Mr. Ryerson notes a lesson in ESR's ``Perspectives'' curriculum called ``Jonathan and the Dragon,'' where a dragon invades a town. It reads: ``After the mayor and townspeople have tried violent means to no avail, a little boy gets the invading dragon out of town simply by whispering a polite request to him.'' Ryerson adds: ``ESR might consider shipping a few cartons of this invaluable story to assist the mujahideen in Afghanistan.''

Randall Forsberg, a leader of the freeze movement in 1982 and director of the Institute for Defense and Disarmament Studies, says much of the peace education in schools derives from the popular sentiment ``All I know is that I want to do away with nuclear weapons.''

This attitude ignores history, she says. Nuclear weapons have made major conventional wars obsolete. But popular nuclear education ignores the link between nuclear and conventional forces - the bedrock arms policy for 40 years. Such an approach actually ``diseducates,'' she says. ``It doesn't teach what we need to know - the historical context of how arms control developed.'' Without that, the nuclear buildup ``seems just insane to students - without any cause.''

The result, says Pickus, is a leap from the insanity of nuclear war to a ``prescription - not education - about our posture in the nuclear age. It challenges American power and purpose, but in a way that confirms the Soviet agenda, rather than trying to change it.''

Glasnost, INF agreements, and recent articles on planned Soviet military support of Nicaragua in the midst of the Arias peace plan and the Reagan-Gorbachev summit make the issue timely.

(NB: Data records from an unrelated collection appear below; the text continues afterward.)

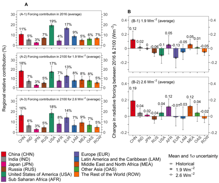 IMAGE: REGIONAL FORCING CONTRIBUTIONS IN 2016 UNDER THE HISTORICAL SCENARIO (A-1) AND IN 2100 UNDER THE 1.9 WM-2 (A-2) AND 2.6 WM-2 (A-3) SCENARIOS. PANEL B SHOWS THE FORCING CONTRIBUTIONS IN 2100 RELATIVE TO 2016 LEVELS UNDER THE 1.9 WM-2 (B-1) AND 2.6 WM-2 (B-2) SCENARIOS. THE VALUE ON TOP OF THE BAR INDICATES THE MEAN, AND THE ERROR BAR INDICATES THE ONE-SIGMA UNCERTAINTY OBTAINED FROM THE ENSEMBLE OF EMULATED CLIMATE MODELS. view more
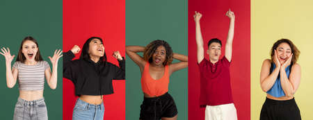 Group of people, young women and man posing isolated over multicolored background.
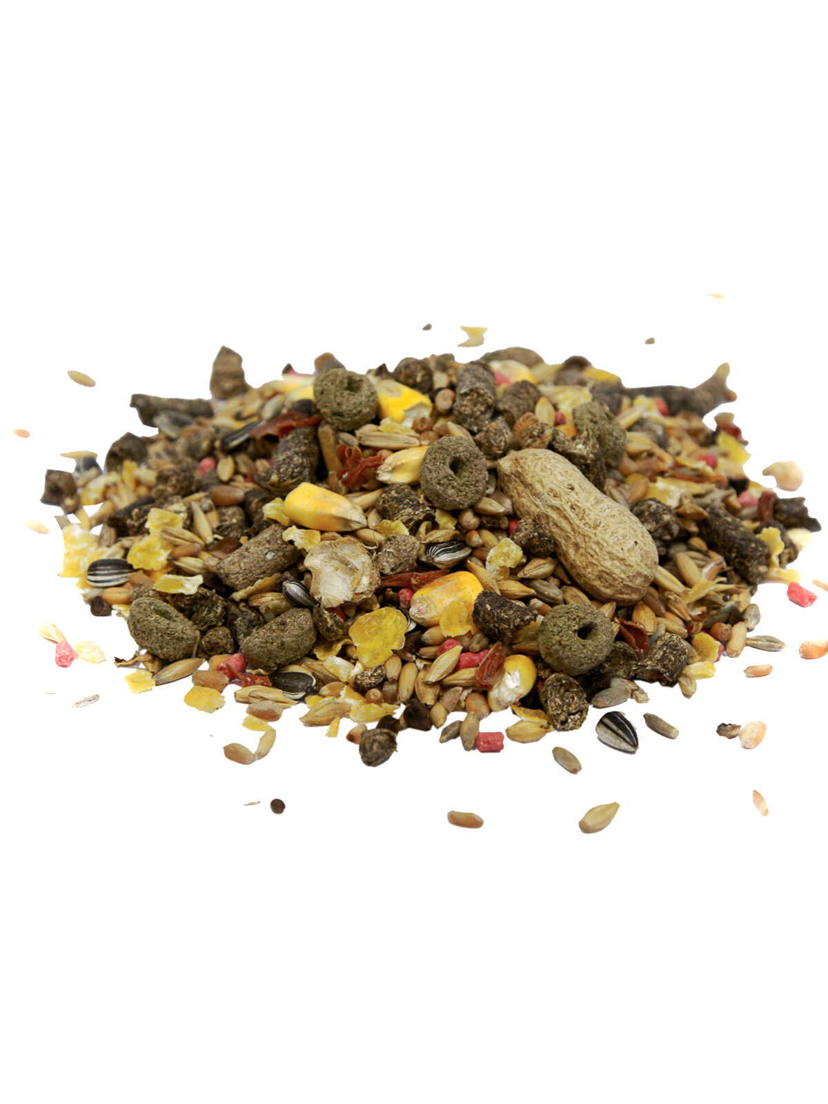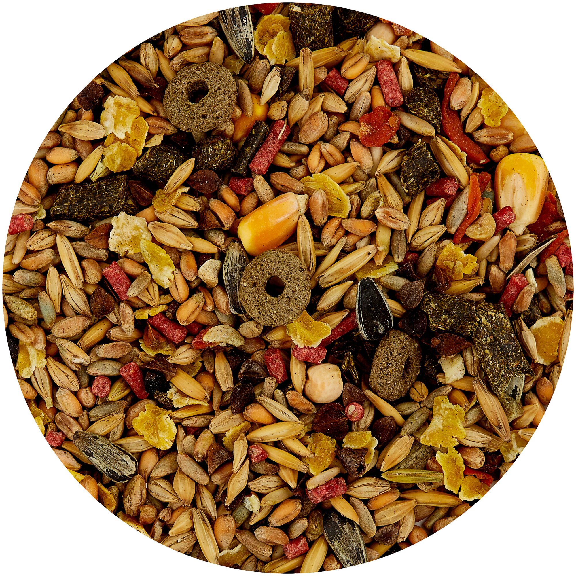 | Состав | Состав: экструдированная люцерна, зерна и зерновые продукты, красные гранулы (пекарные продукты, продукты растительного происхождения, мед 10%, минералы, масла и жиры, фруктовый ароматизатор, красители и консерванты, одобренные EC, инулин, МОС, ФОС, омега 6, бета глюкан, омега3, экстракт юкки Шидигера) 4,4%, кольца (зерна и зерновые продукты, экструдированная люцерна, фураж и отруби и производные продукты, экстракт растительного белка, минералы и производные продукты) 2,2%, горох, семена маслосодержащих фруктов и производные, арахис, сушеная морковь. |
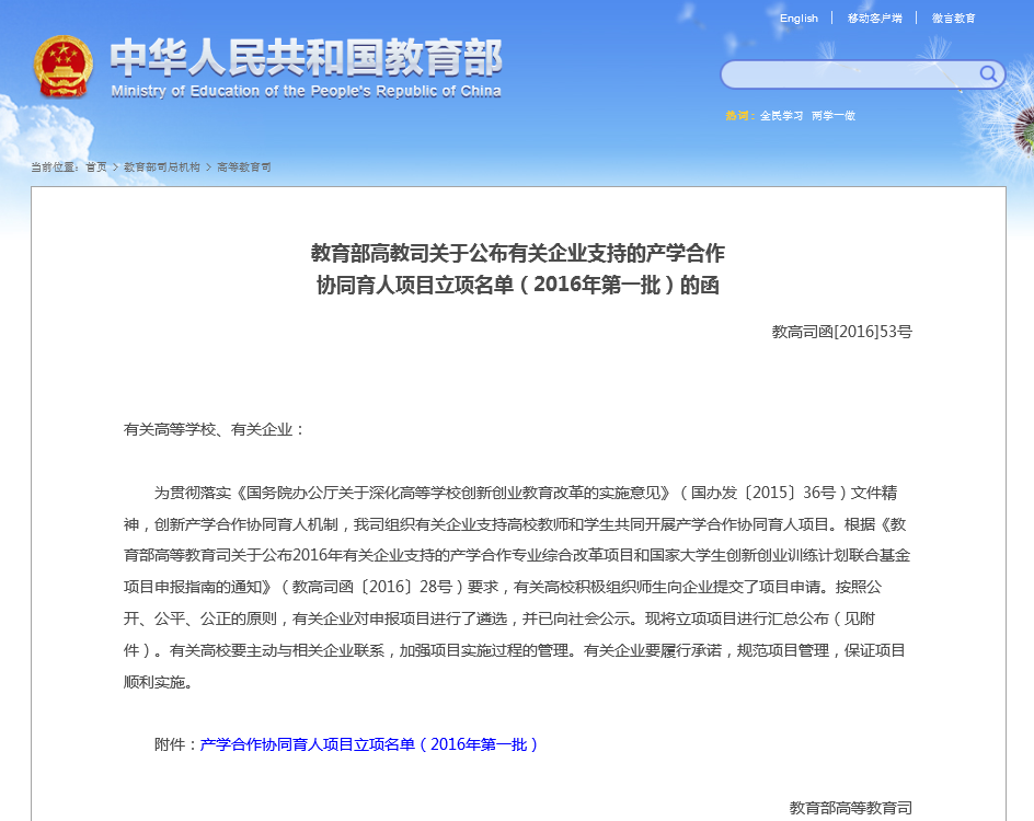 我院入选教育部高教司关于公布有关企业支持的产学合作协同育人项目(2016年第一批)

Tom Blough of the Institute for Foreign Policy Analysis feels current materials would limit thinking about the Nicaraguan revelations. There's always been a ``sentimental and naive'' strain in American education, he says. While appearing well intentioned, this attitude often includes ``a willful denial of the fact of evil in the world, and of tragedy.''

Dr. Blough traces the problem to the larger political culture. When Daniel Ortega went to Moscow, he says, many American officials shrugged it off as simply ``bad public relations - as though it were nothing more than Ortega's failure to hire the right K Street law firm.'' Relying on the peace curriculum now available, classroom teachers would assume recent coverage of Nicaragua is a result of ``misunderstanding.''

That's dangerous, says Blough. ``To believe these parties are just making misguided errors in judgment is silly. These people are smart. They know what they are doing - pursuing their interests. A lot of approaches wouldn't examine that.''

Others criticize inaccuracies in the texts. In an ESR guide, the intermediate-range US P-2 rocket is described as a ``first-strike weapon'' of ``vastly increased capabilities.'' By contrast, it states that the Soviet SS-20 was built for ``increased safety and reliability.'' Unlike the P-2, it's ``not a first strike weapon'' - it can't hit ``particular military targets.''

``This is totally incorrect,'' says Payne. ``I mean there is no outlying opinion on that. An SS-20 with three MIRVed warheads can easily hit a military target.''

Pickus finds more teachers desiring ``a more thoughtful approach.''

New curriculum is coming out. The Mershon Center at Ohio State has new units, as does the Stanford Project on International and Cross-Cultural Education, and ESR.